WHAT TO WORK ON
Each record below is to be retyped exactly, with its pictures omitted.

EXCERPTED DATA
#####

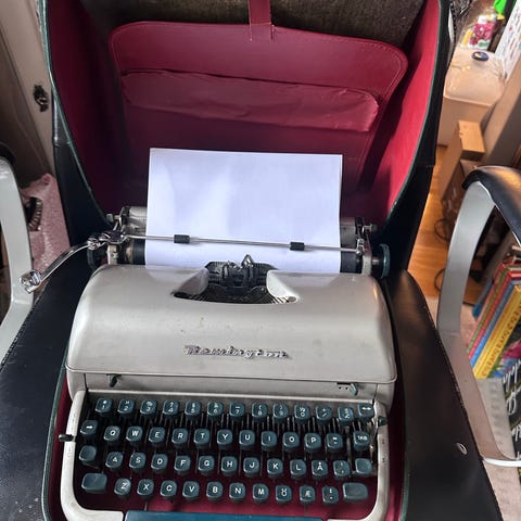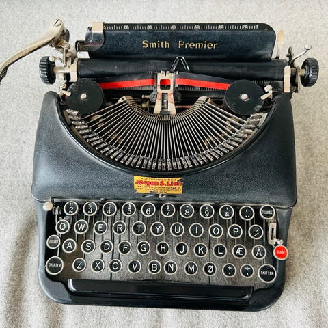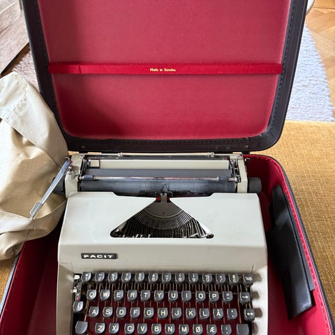 Rheinmetall bærbar skrivemaskin i grå farge. Mekanisk skrivemaskin med tastatur for norsk/tysk layout (blant annet Æ, Ø og Ü). Leveres i original bære- og oppbevaringskoffert. Håndtak har vært ødelagt ob ble erstatte av hyssing. Har vært oppbevart på loftet og koffert viser tegn på slitasje. Egner seg til skriving, notater, men trenger rensing for optimal bruk. fungerer som innrednings- og samlerobjekt. Skrivemaskinen har klassisk retrodesign med metallhus og manuell papirmating. Veier rett under 10kg. Pris sendes til leger uten grenser
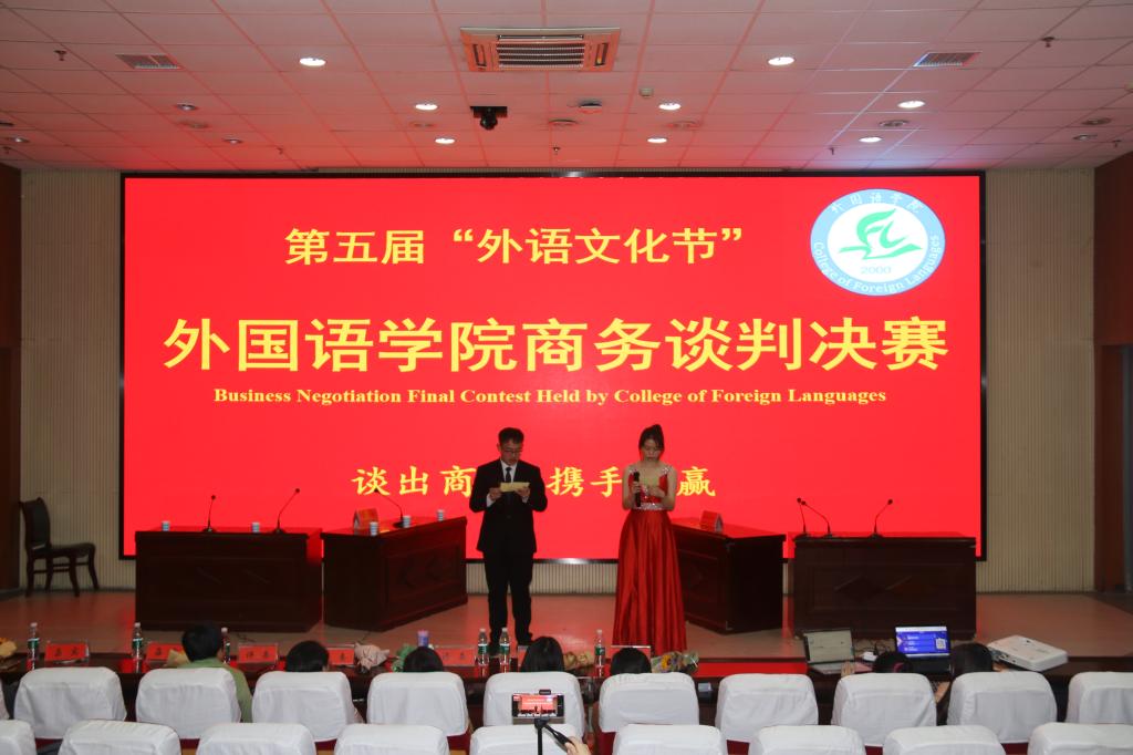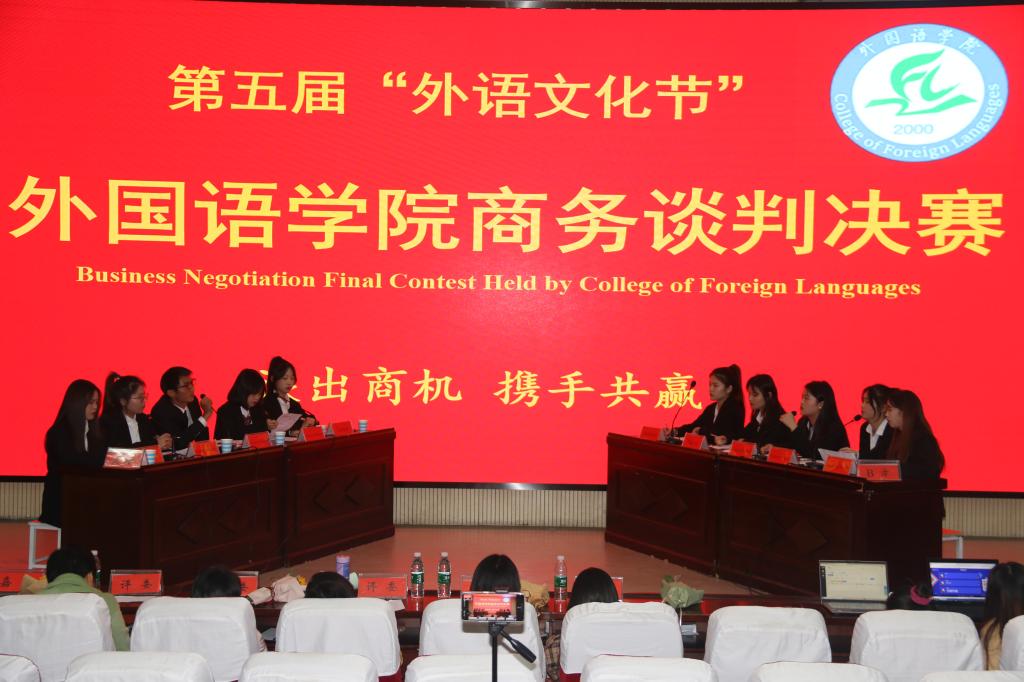 为强化学生英语应用能力,提升学生团队协作精神,11月25日晚,我院在图书馆学术报告厅举办了第五届外语文化节之商务英语谈判大赛。外国语学院院长李会民出席了开幕式,外国语学院师生代表30余人参加了现场开幕式,商务英语专业2019级和2020级学生代表150余人通过现场直播观看了比赛。
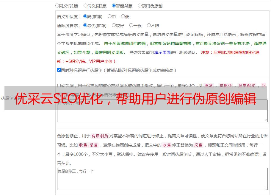 优采云SEO优化就是一款能够帮助用户进行伪原创编辑的软件。它可以将文章中的关键词进行重新组合,使文章看起来更有条理、有逻辑性。而且它还可以帮助用户增加文章的字数,使文章看起来更充实、有说服力。另外,它还可以帮助用户将文章中的词语进行重新整合,使得文章看起来更加通顺。
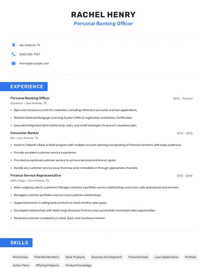 Build a professional personal banking officer resume in minutes. Browse through our resume examples to identify the best way to word your resume. Then choose from 5+ resume templates to create your personal banking officer resume.
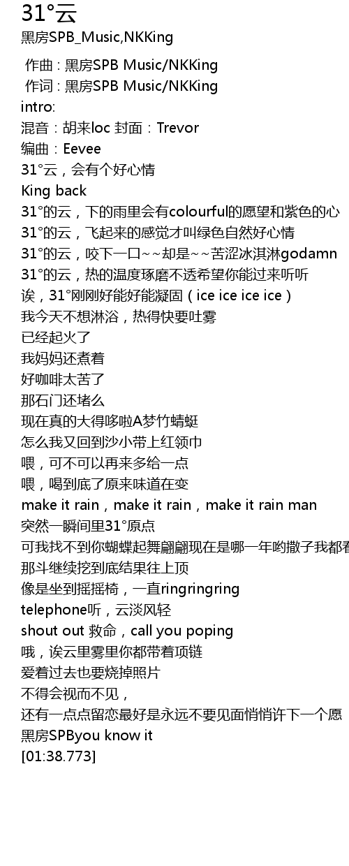 | [00:00.066] | 作词 : 黑房SPB Music/NKKing |
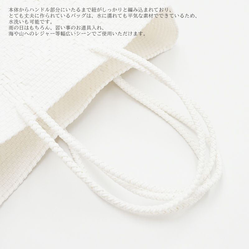ハンドメイドならではのぬくもりが感じられ、雰囲気があるアイテムです。本体からハンドル部分にいたるまで紐がしっかりと編み込まれており、とても丈夫に作られているバッグは、水に濡れても平気な素材でできているため、水洗いも可能です。雨の日はもちろん、習い事のお道具入れ、海や山へのレジャー等幅広いシーンでご使用いただけます。
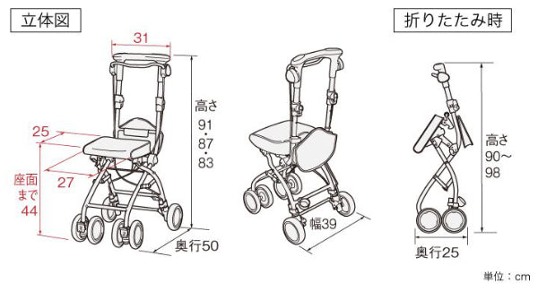 | サイズ | 約 幅39×奥行50×高さ83・87・91cm 座面高:44cm 折りたたみ時:幅39×奥行25×高さ90~98cm |
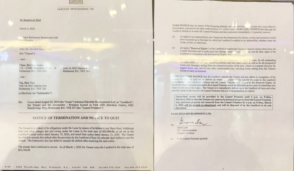 据Noms Magazine报道,多位Noms Mag社区成员见到餐厅门口贴有一则终止租约的通知,证实房东Fairchild已即时终止租约。这间著名的札幌汤咖哩连锁店,是于2023年12月开设的首间加拿大分店。
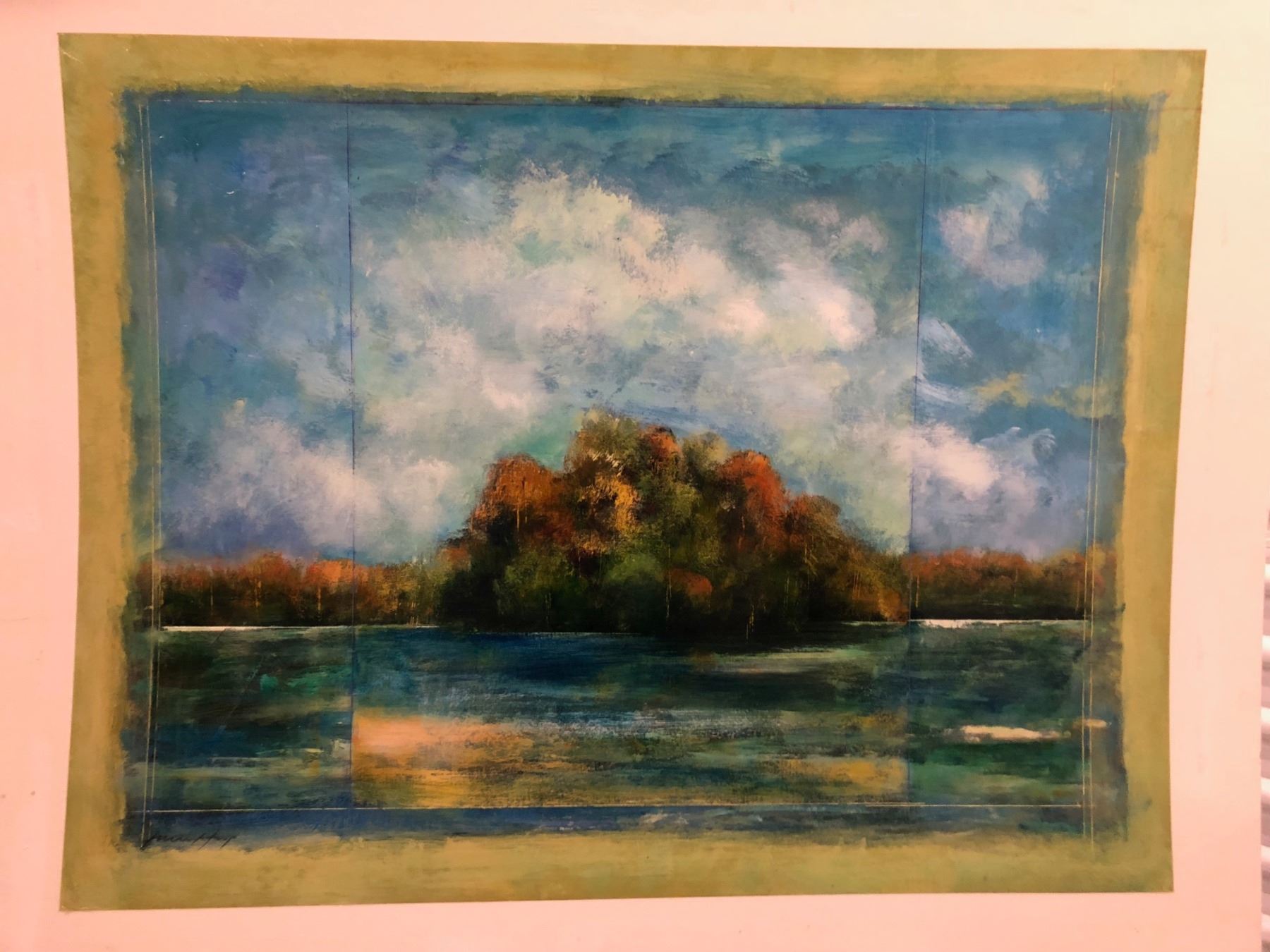 One Fiona Hoop - landscape Blue Sky . Original Encaustic on board. Height is 26 inches. Width is 34 inches. The shipping charge for this item is $65.
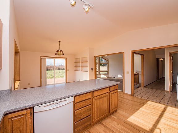 Beautiful level, mt view acreage with a country setting, close to town & the Discovery Trail boasts a large spacious home, mini-barn with attached chicken coop, garden space Highland irrigation & fenced dog run. The single-level-living home has a recently remodeled kitchen with Corian counter tops, stainless appliances including gas stove & new lighting. The master bed/bath, guest bed & office/bd 3 are on the main level, with bedroom, family room & other possible guest space below. Please bring all offers!
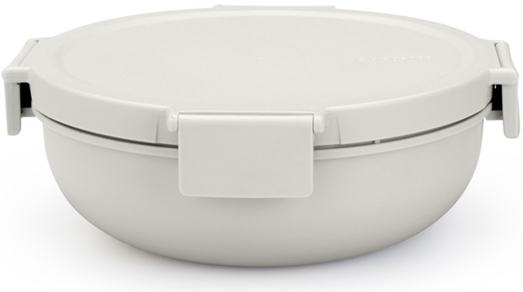 A világosszürke Brabantia Make & Take Salad Bowl olyan ételhordó megoldás, amely a modern életstílus igényeire szabva született. Az 1,3 literes kapacitású tál nemcsak praktikus társa a hétköznapoknak, de stílusos kiegészítője is minden táskának, hátizsáknak. A letisztult, világos árnyalat olyan légies eleganciát kölcsönöz a terméknek, amely harmonizál a kortárs konyhák esztétikájával és a skandináv minimalista designt kedvelők értékrendjével.
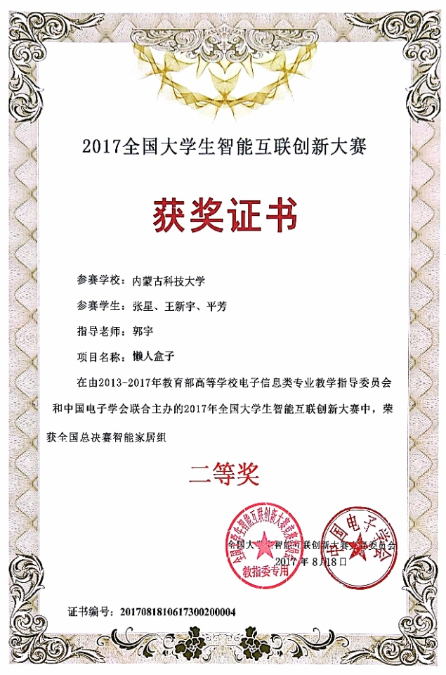 2017年8月17日至19日,由教育部高等学校电子信息类专业教学指导委员会和中国电子学会联合主办第二届“全国大学生智能互联创新大赛”全国总决赛在重庆邮电大学举行。来自包括我校、哈尔滨工业大学、电子科技大学、北京邮电大学等近200所高校的967支队伍参加比赛。我院学生张星、平芳与机械工程学院学生王新宇共同完成的项目“懒人盒子”在本次大赛中获全国二等奖。同时,我院臧琛瀚、刘存凯、翟天坤等同学分别完成的三个项目获得华北赛区二等奖,颜蒙蒙等同学完成的两个项目获得华北赛区三等奖。
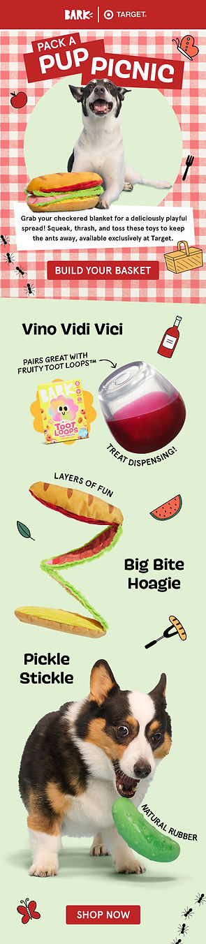The team at BARK are all about creativity and having a strong, but fun brand voice. I was able to further this vision by creating eye catching and joyful email graphics for their new product launch initiatives.

#####

THE ANSWER
 Rheinmetall bærbar skrivemaskin i grå farge. Mekanisk skrivemaskin med tastatur for norsk/tysk layout (blant annet Æ, Ø og Ü). Leveres i original bære- og oppbevaringskoffert. Håndtak har vært ødelagt ob ble erstatte av hyssing. Har vært oppbevart på loftet og koffert viser tegn på slitasje. Egner seg til skriving, notater, men trenger rensing for optimal bruk. fungerer som innrednings- og samlerobjekt. Skrivemaskinen har klassisk retrodesign med metallhus og manuell papirmating. Veier rett under 10kg. Pris sendes til leger uten grenser
 为强化学生英语应用能力,提升学生团队协作精神,11月25日晚,我院在图书馆学术报告厅举办了第五届外语文化节之商务英语谈判大赛。外国语学院院长李会民出席了开幕式,外国语学院师生代表30余人参加了现场开幕式,商务英语专业2019级和2020级学生代表150余人通过现场直播观看了比赛。
 优采云SEO优化就是一款能够帮助用户进行伪原创编辑的软件。它可以将文章中的关键词进行重新组合,使文章看起来更有条理、有逻辑性。而且它还可以帮助用户增加文章的字数,使文章看起来更充实、有说服力。另外,它还可以帮助用户将文章中的词语进行重新整合,使得文章看起来更加通顺。
 Build a professional personal banking officer resume in minutes. Browse through our resume examples to identify the best way to word your resume. Then choose from 5+ resume templates to create your personal banking officer resume.
 | [00:00.066] | 作词 : 黑房SPB Music/NKKing |
ハンドメイドならではのぬくもりが感じられ、雰囲気があるアイテムです。本体からハンドル部分にいたるまで紐がしっかりと編み込まれており、とても丈夫に作られているバッグは、水に濡れても平気な素材でできているため、水洗いも可能です。雨の日はもちろん、習い事のお道具入れ、海や山へのレジャー等幅広いシーンでご使用いただけます。
 | サイズ | 約 幅39×奥行50×高さ83・87・91cm 座面高:44cm 折りたたみ時:幅39×奥行25×高さ90~98cm |
 据Noms Magazine报道,多位Noms Mag社区成员见到餐厅门口贴有一则终止租约的通知,证实房东Fairchild已即时终止租约。这间著名的札幌汤咖哩连锁店,是于2023年12月开设的首间加拿大分店。
 One Fiona Hoop - landscape Blue Sky . Original Encaustic on board. Height is 26 inches. Width is 34 inches. The shipping charge for this item is $65.
 Beautiful level, mt view acreage with a country setting, close to town & the Discovery Trail boasts a large spacious home, mini-barn with attached chicken coop, garden space Highland irrigation & fenced dog run. The single-level-living home has a recently remodeled kitchen with Corian counter tops, stainless appliances including gas stove & new lighting. The master bed/bath, guest bed & office/bd 3 are on the main level, with bedroom, family room & other possible guest space below. Please bring all offers!
 A világosszürke Brabantia Make & Take Salad Bowl olyan ételhordó megoldás, amely a modern életstílus igényeire szabva született. Az 1,3 literes kapacitású tál nemcsak praktikus társa a hétköznapoknak, de stílusos kiegészítője is minden táskának, hátizsáknak. A letisztult, világos árnyalat olyan légies eleganciát kölcsönöz a terméknek, amely harmonizál a kortárs konyhák esztétikájával és a skandináv minimalista designt kedvelők értékrendjével.
 2017年8月17日至19日,由教育部高等学校电子信息类专业教学指导委员会和中国电子学会联合主办第二届“全国大学生智能互联创新大赛”全国总决赛在重庆邮电大学举行。来自包括我校、哈尔滨工业大学、电子科技大学、北京邮电大学等近200所高校的967支队伍参加比赛。我院学生张星、平芳与机械工程学院学生王新宇共同完成的项目“懒人盒子”在本次大赛中获全国二等奖。同时,我院臧琛瀚、刘存凯、翟天坤等同学分别完成的三个项目获得华北赛区二等奖,颜蒙蒙等同学完成的两个项目获得华北赛区三等奖。
The team at BARK are all about creativity and having a strong, but fun brand voice. I was able to further this vision by creating eye catching and joyful email graphics for their new product launch initiatives.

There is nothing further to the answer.